C’est peu de temps après, en effet, qu’il commença à étudier la Bible. Elle fut pour lui ce qu’elle avait été quelques années auparavant pour Luther : une découverte. On le vit successivement abandonner toutes ses autres études, pour passer ses jours et ses nuits le front penché sur le Saint Livre. Et à mesure que la vérité gagnait du terrain dans son âme, un travail de consécration s’opérait au dedans de lui. Bientôt, il sent qu’il ne s’appartient plus à lui-même ; il a un maître, et désormais ne verra plus que lui, ne vivra plus que pour lui, le suivra partout, lui sacrifiera tout, lui rapportera tout, « continuant toujours son train, faisant ce que Dieu lui donnera, et lui en remettant l’issue en bonne simplicité. »

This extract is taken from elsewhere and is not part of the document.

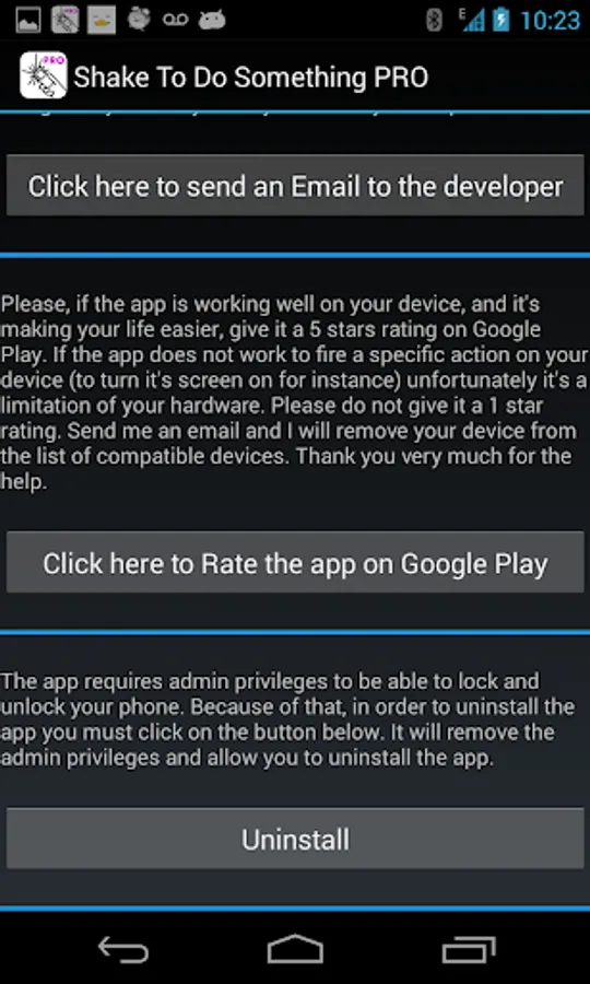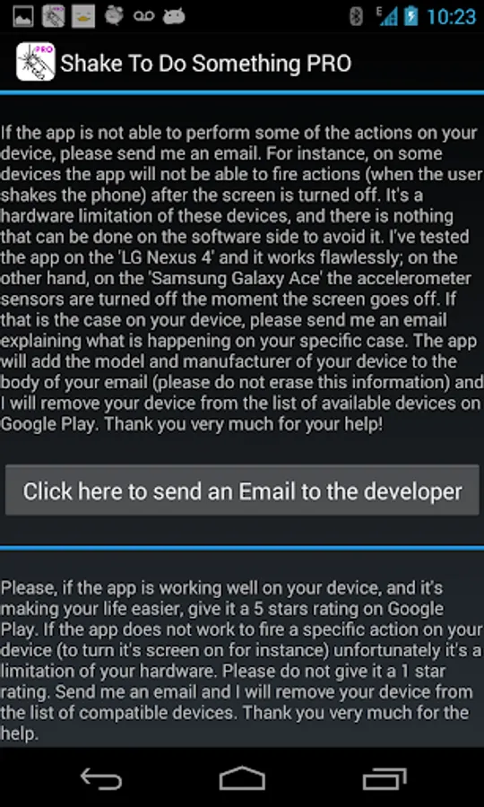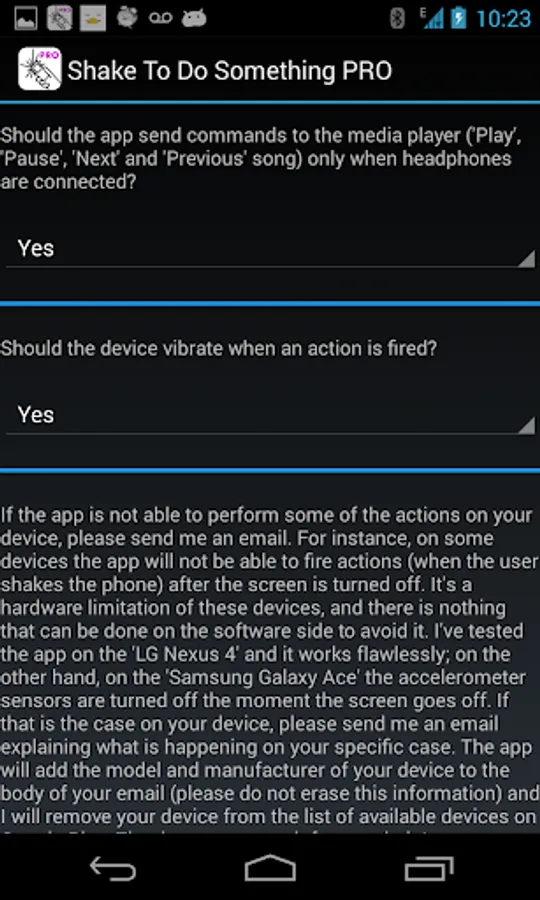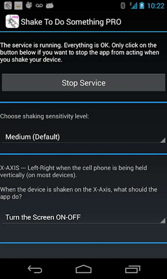 My main focus is on not draining the battery, and it won't. Let it run for a day and then check the app's battery consumption. It should be minimal (as opposed to other "Shake to do something" apps available on Google Play).

Sa vie, à partir de là, et pour plusieurs années, devient celle de ce que nous appellerions un simple et fidèle évangéliste. En chemin d’arriver aux plus hautes dignités dans l’enseignement ou dans l’Eglise, il renonce à toutes les perspectives d’ambition, il renonce, ce qui lui était bien plus sensible sans doute, à toutes les perspectives de repos et de tranquillité, pour répandre fidèlement autour de lui la bonne nouvelle du salut. A Bourges d’abord, puis à Paris, puis en Saintonge, puis à Poitiers, comme Saint-Paul, partout il prêche, il explique les Ecritures, il exhorte, il laisse derrière lui des traînées de lumière, allant d’un lieu à l’autre au péril de sa vie, et ne quittant un séjour que lorsqu’il en était chassé par la persécution. « Tous ceux qui témoignaient quelque désir de la pure doctrine, dit-il lui-même, se rangeaient vers moi pour apprendre, bien que je ne fisse quasi que commencer. » Ailleurs, il raconte comment « Dieu l’a tellement pourmené et fait tournoyer, qu’il ne lui a laissé de repos en lieu quelconque, jusqu’à ce que, malgré son naturel sauvage et honteux, il l’ait produit en lumière et fait venir en jeu. » — Et quel zèle, quels dons, quelles promesses chez cet évangéliste de vingt ans ! Le célèbre Lefèvre d’Etaples, déjà penché vers la tombe, en fut tellement frappé, qu’après un entretien avec lui à Nérac, il ne put se retenir de lui adresser ces paroles vraiment prophétiques : « Jeune homme, vous serez un jour un puissant instrument du Seigneur. Le monde résistera obstinément à Jésus-Christ, et il vous semblera que tout conspire contre le Fils de Dieu ; mais demeurez ferme sur ce rocher, et plusieurs se briseront contre lui. Dieu se servira de vous pour restaurer en France le royaume du ciel. »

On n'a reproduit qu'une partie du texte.